Probs just cheaper to buy second hand as I got my kingsnakes for £60 and pretty sure I'll never be able to make one for less. But it's more about the making rather than saving money. Plus I really hate the ventilation on premade ones.


Cheers!


----------



## s6t6nic6l (May 15, 2010)

You really shouldn't be concerned about the the cost as having a custom built enclosure means you have the actual housing to the specifications that suits the inhabitants, the room where it will reside and your personal taste.
Measure up, get down to the timber yard and get it all cut to size with the possibility of this being free if you have spent enough with them.
I couldn't tell you the costs regarding my builds as it wasn't an issue. The fact that it was what was best for the project or inhabitants made a purchase the priority.
Then you have the satisfaction gained from the build too knowing it is a custom one.
Stop sounding like a cheapskate and get on with it :lol2:


----------



## Potatatas (Oct 24, 2018)

But I am a cheapskate that doesn't earn a lot of money... I'm not too worried about price though. I'm just excited to start making stuff and have to wait until our garden is sorted which is gunna take a while so I'm just torturing myself watching youtube tutorials on woodworking...


----------



## pikwik (Aug 31, 2017)

Your estimate of £135 doesn't sound too bad.


----------



## Tammyjones12 (Sep 11, 2019)

If you do end up making them I'm from south Wales and I'm looking for 2 vivs 6x2x2 for my 2 boas so I'd be interested in buying something off u if it's not that expensive and it's good quality


----------



## Central Scotland Reptiles (Nov 23, 2008)
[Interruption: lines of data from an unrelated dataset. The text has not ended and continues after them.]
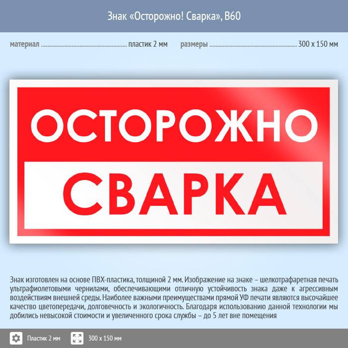 Знак «Осторожно! Сварка», B60 (пластик, 300х150 мм) в Ижевске купить
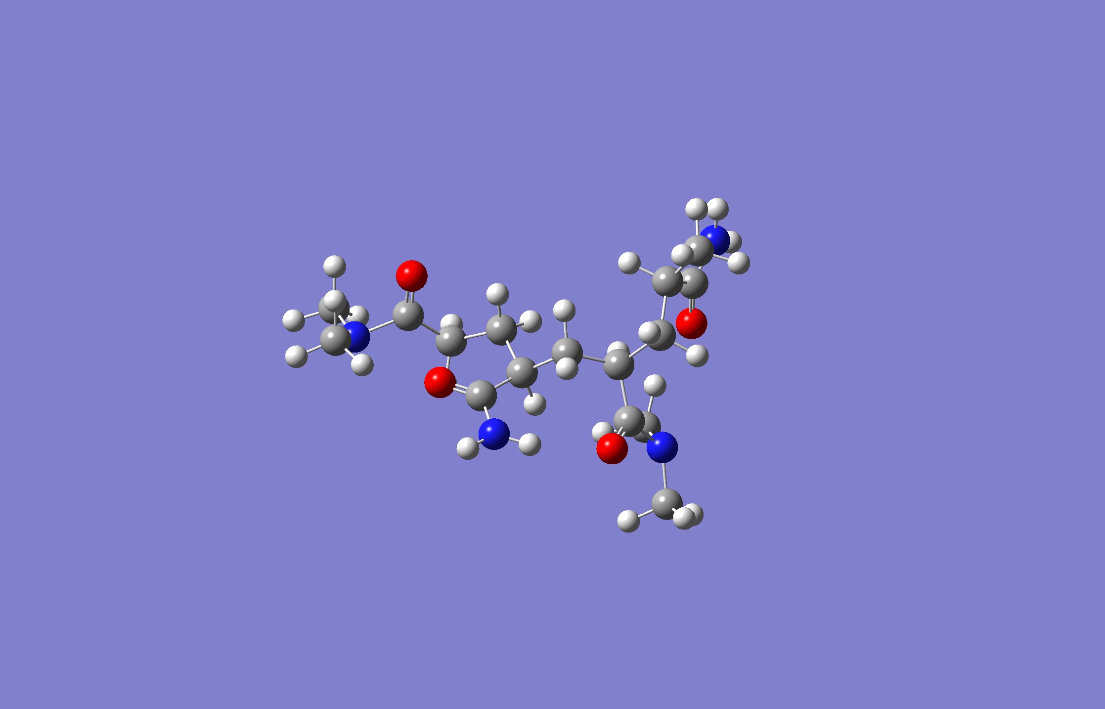 那位大侠帮忙分析一下错误的原因,guassian提示是分子结构的错误(terminated in the input file),但我又找不到错误在哪啊(这个结构是通过了AM1优化后的结果啊),非常感谢。上传的图片是输入的 分子结构。由于论坛字数限制,请下载附件查看完整的输出文件,辛苦,谢谢。
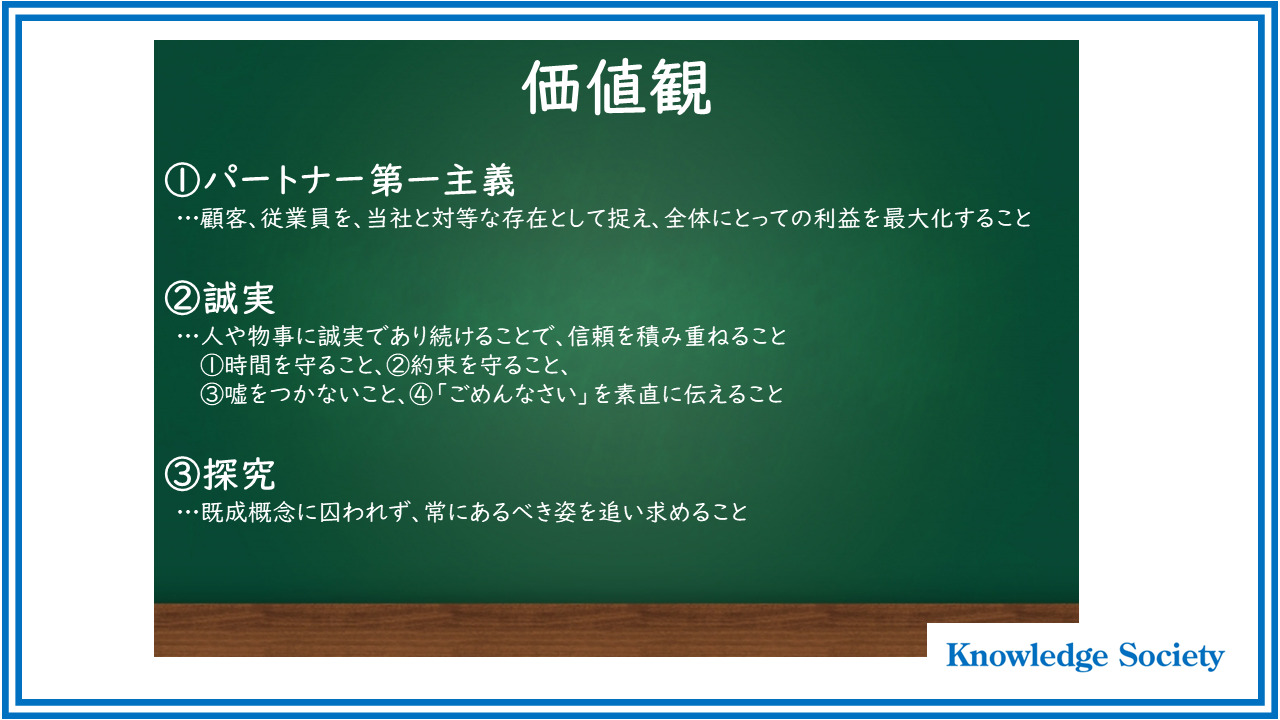 企業経営を行う上で、ナレッジソサエティが大切にする価値観は次の3つです。この価値観は当社で働くスタッフとも共有できていなければならないものです。
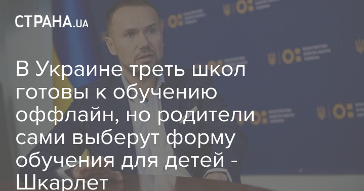 В Украине к обучению в режиме оффлайн готовы 30% школ, но форму обучения будут выбирать сами родители, учитывая вопросы безопасности. Об этом заявил министр образования и науки Сергей Шкарлет в эфире телемарафона.
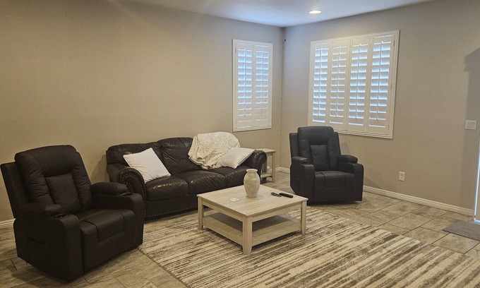 Family friendly home Perfect for snowbirds Only 20 min to strip Pool/hot tub is located in North Las Vegas. Family friendly home Perfect for snowbirds Only 20 min to strip Pool/hot tub provides accommodation, featuring Kitchen, Air Conditioner, Pool, among other amenities. This House features Kitchen, Air Conditioner, Pool, to make your stay a comfortable one.

I am no master craftsman and I have built my own enclosure before - the beauty of this is you can build to your own requirements and ideas. 

I like to create two tiered enclosures with the to half being a vivarium (above ground) and a drawer below (underground) connected be a round hole in the floor of the upper tier. Although this would have been possible to buy / modify I like to do my own stuff.


----------